Which is just fine with Kane. His Twitter bio reads: “I used to work for Lou Dobbs at CNN. Now I compete with Matt Drudge. CFP is what Drudge Report used to be.”
Kane is focused like a laser on news content, as opposed to opinion and punditry. “People don’t click on op-eds, they want news.” And somewhat surprisingly, he relies on mainstream news outlets like NBC News and the Associated Press more than conservative sources like Breitbart and Daily Caller.
CFP’s added value comes in the headlines Kane attaches to these stories, highlighting reporting buried in the story that appeals to his readers. Or sometimes mocking the political impact of the reporting.
For example, a Los Angeles Times story with the headline “Some 2,100 L.A. County voters got ballots missing one thing: a way to vote for president,” gets a CFP headline: “What Could Possibly Go Wrong? — LA Edition”
His headline for media coverage of President Trump’s post-COVID appearance on the Sean Hannity show? “LIB MEDIA — Stop the presses, Trump coughed on Hannity…”
The media are frequent targets of CFP mockery.
“Punching the media in the face is a key part of our job description,” Kane says. “When it’s really bad, I’ll call out the reporter by name in the headline to point out their bias and partisan hostility. I’m actually hoping they’ll notice, because news junkies really do need honest journalism.”
Longtime Drudge users see the website’s shift to the left as a betrayal of the readers who made him a success. But, Kane says, he isn’t surprised.
“Drudge was never a conservative. He always had libertarian leanings. On some issues he was. on the right, like pro-life. And he was a big Trump booster back in 2016. But it seemed to change with the [former National Security Advisor] Michael Flynn case. Drudge seemed to buy into the ‘Russia hoax’ story.”
Now, Kane makes direct appeals on Twitter for President Trump to dump Drudge and stick with CFP. With more than 60 million pageviews, something is working.

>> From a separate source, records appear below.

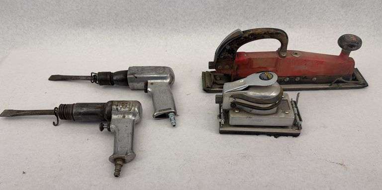 This lot features two pneumatic air chisel guns and two power sanders. These tools are ready for your workshop.
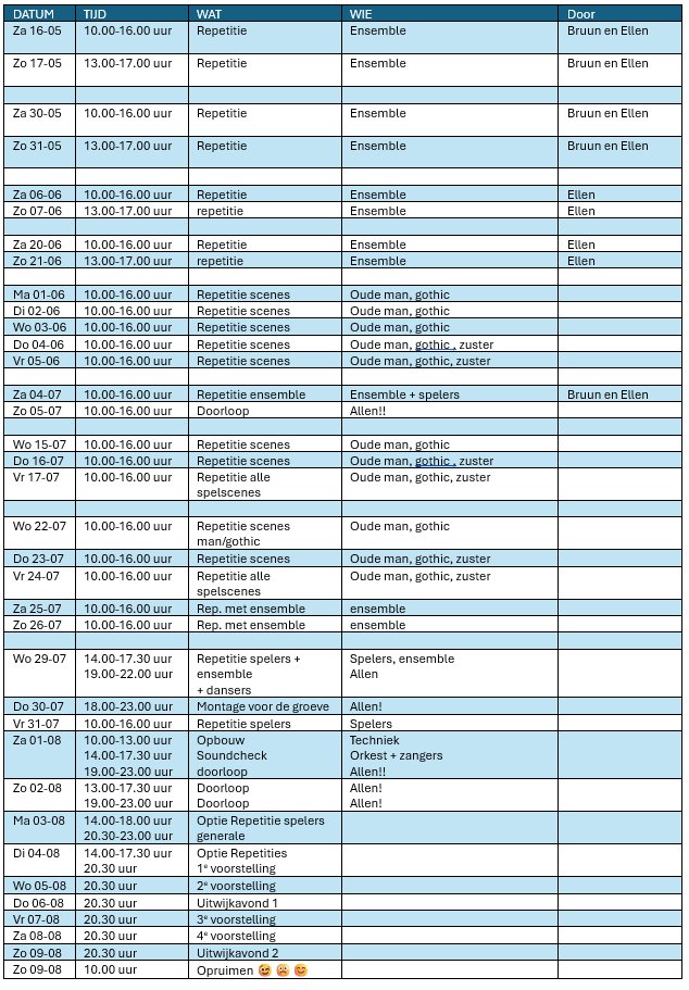 Audities cast, ensemble en dans
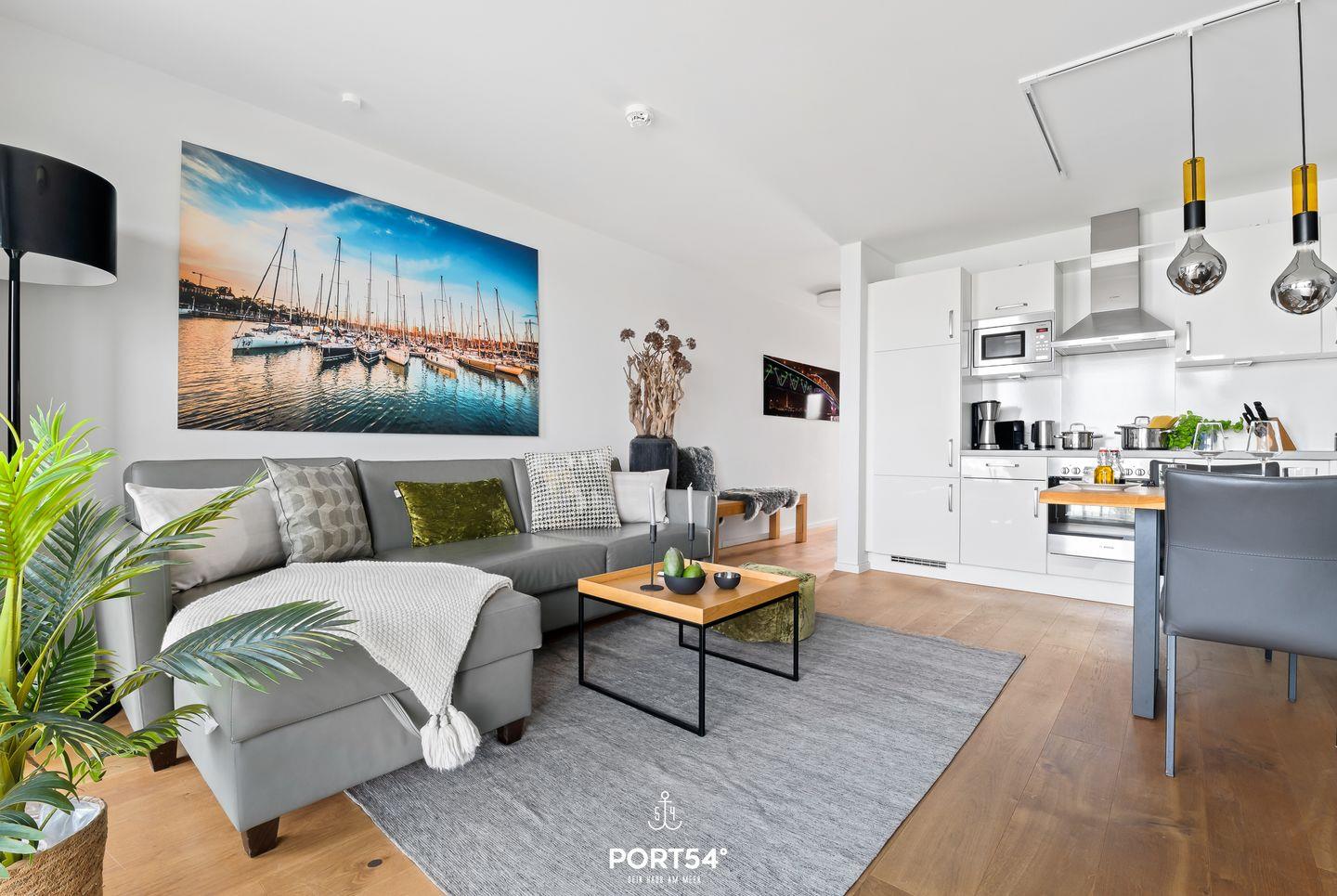 Die Ferienwohnung "Harbour Side" liegt im Ostsee Resort Olpenitz und ist nur wenige Meter vom Wasser entfernt. Auf knapp 51m² finden hier 4 Personen Platz. Sie bietet Ihnen ein Schlafzimmer mit einem Doppelbett, einen offenen Wohn-/Essbereich, eine Küche & ein gemütliches Schlafsofa. Das großzügige Badezimmer verfügt über eine ebenerdige Dusche. Das Highlight ist der Balkon mit Wasserblick, auf dem Sie die Sonnenaufgänge genießen können. Ein kostenfreier Parkplatz befindet sich vor dem Haus.
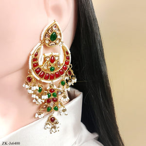 Handcrafted 22k gold plated mala studded with emerald, pink zirconia, kundan and pearls.
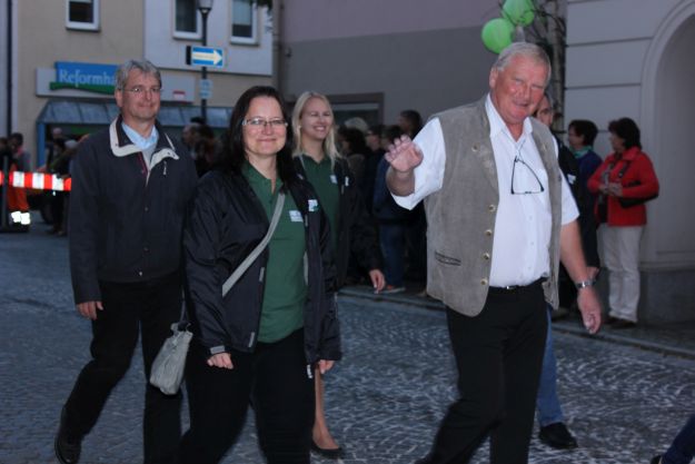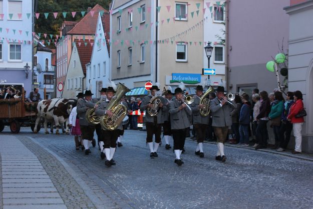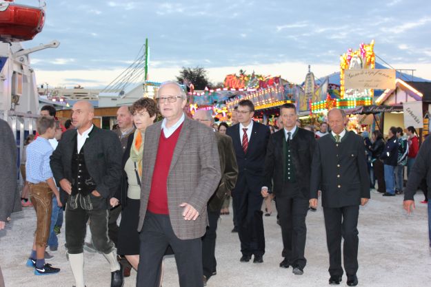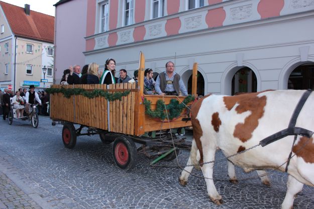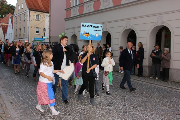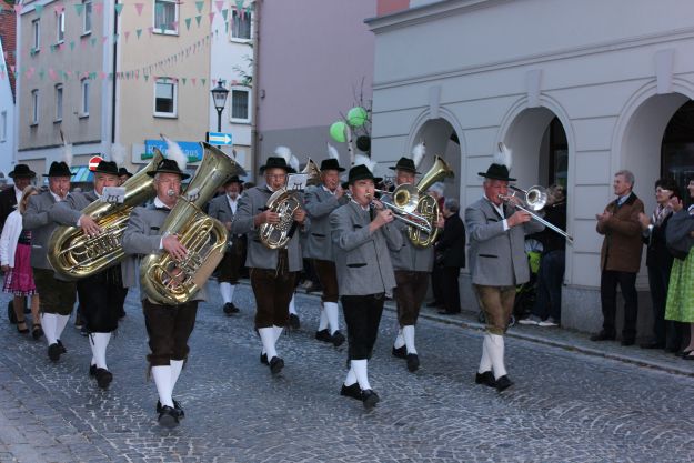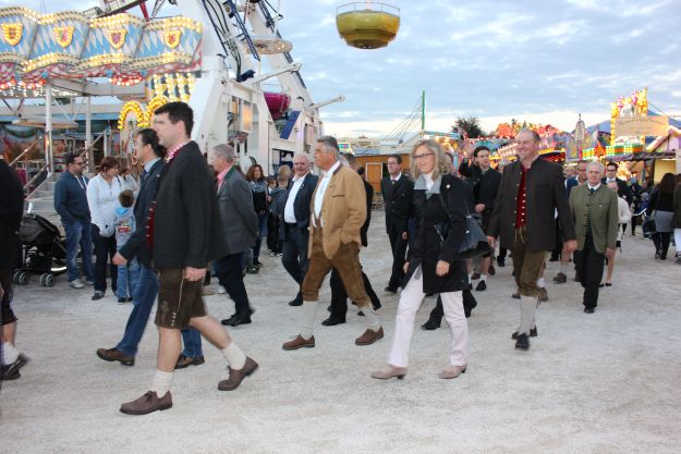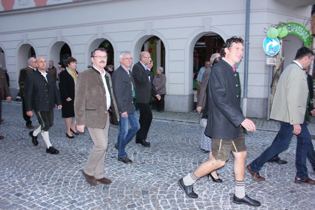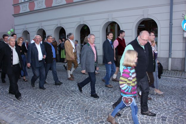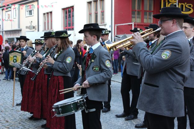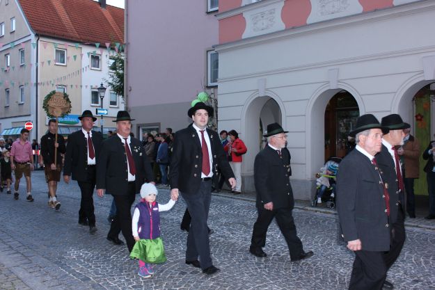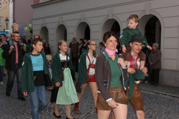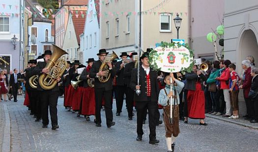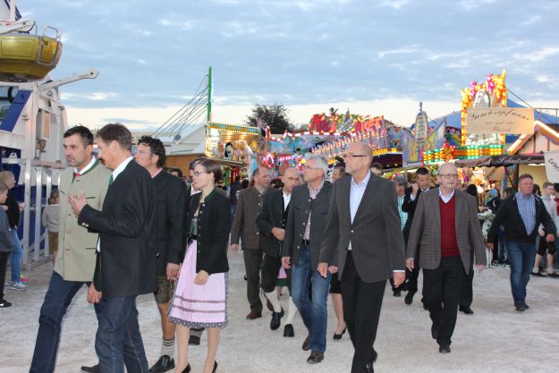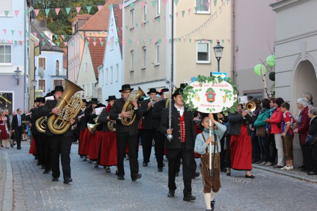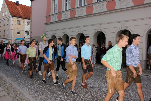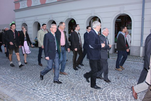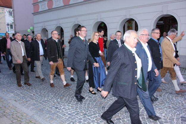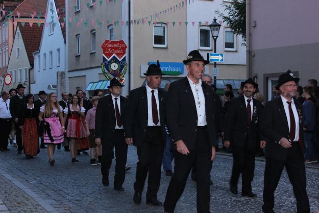 Am Auszug beteiligten sich auch heuer wieder zahlreiche Vereine, wobei die letzten ins Bierzelt kamen, als die ersten ihre Maß schon wieder ausgetrunken hatten - so viele waren es. Zuvor war der Aufmarsch zum Standkonzert vor dem Rathaus mit der Jugend-und Stadtkappelle Mainburg, der Marktkappelle Au und dem Spielmannszug Högertshausen. Danach schlängelte sich der Zug bestehend aus Ehrengästen, Brauereivertretern und Festwirten in Richtung Schöllwiese. Nach dem Bieranstich startete die Zeltparty mit dem „Froschhaxn Express“.
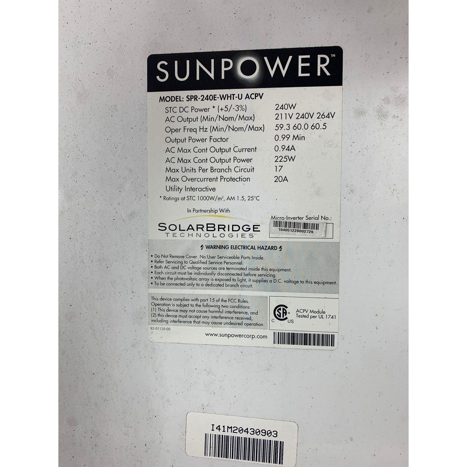 Used Sunpower SPR-225E-WHT-U-ACPV 240W White Squares Solar Panel Module
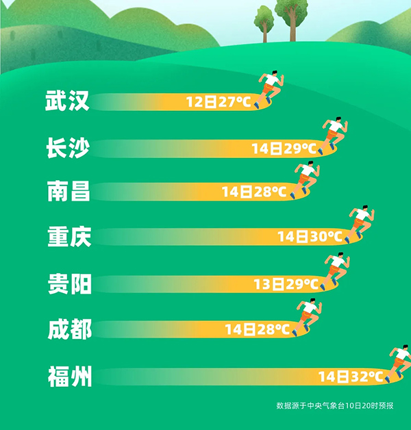 또한 앞으로 남방의 야간 최저기온은 꾸준히 상승할 것이며 중경, 남창, 복주 등 지역은 13일 이후 최저기온이 20℃에 도달하거나 초과하여 여름에 접어들게 된다.
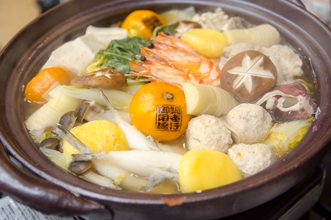 温泉のあとは、島名物の「みかん鍋」をいただきました!
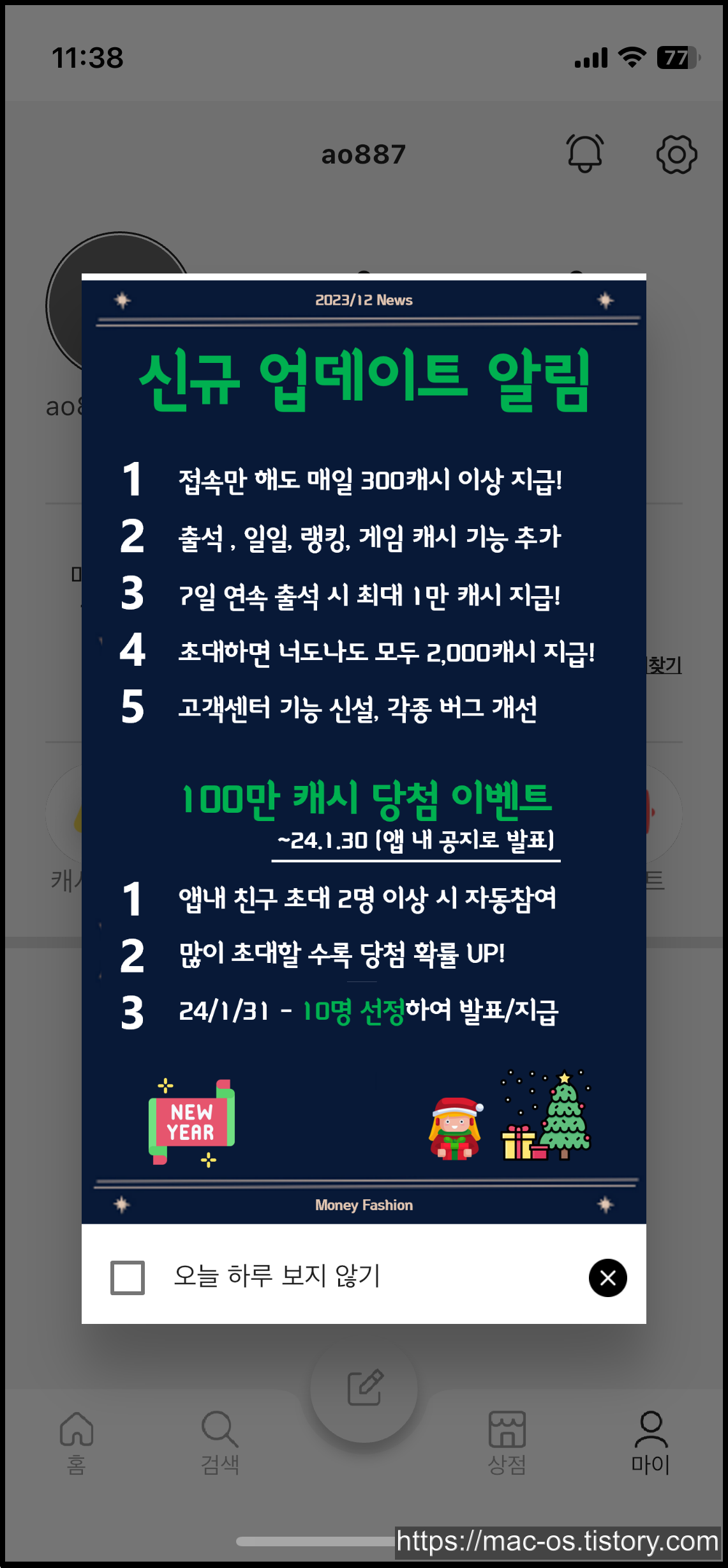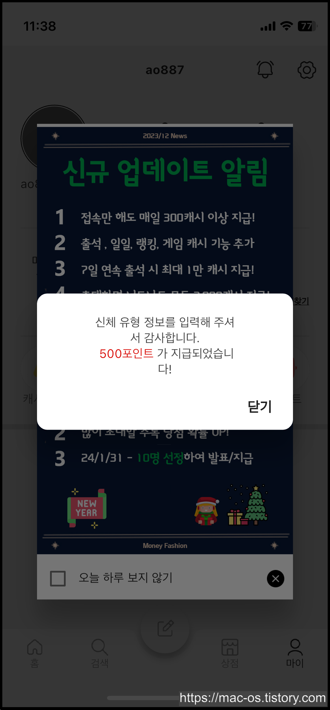 오늘의미션 추천인 ao887 여러 미션을 수행하고 포인트를 얻어보자! (2) | 2023.12.30 |

But don’t call Citizen Free Press an overnight success. Kane has spent three and a half years growing it from an idea to an internet force. And it’s done it all himself, without major media promotion of deep-pocket investors.
“I heard an interview with Drudge where he said he hadn’t taken a single day off in 23 years. He had help, but he worked every day. And that stuck with me,” Kane says.
“I’ve worked every day for 1,300 days straight. No one else has ever posted a story. Every headline is mine. It’s been 40 months of blood, sweat and tears. And no ads.”
That last part may change. CFP’s success has brought ad buyers out of the woodwork, hoping to reach his center-right audience. For the moment, Kane is non-committal.
What he is committed to is keeping his fellow news junkies well informed.
“If you’re a breaking news website, you’re dead if you aren’t constantly updating. In fact,” Kane said, abruptly ending an interview, “I need to get back online right now.”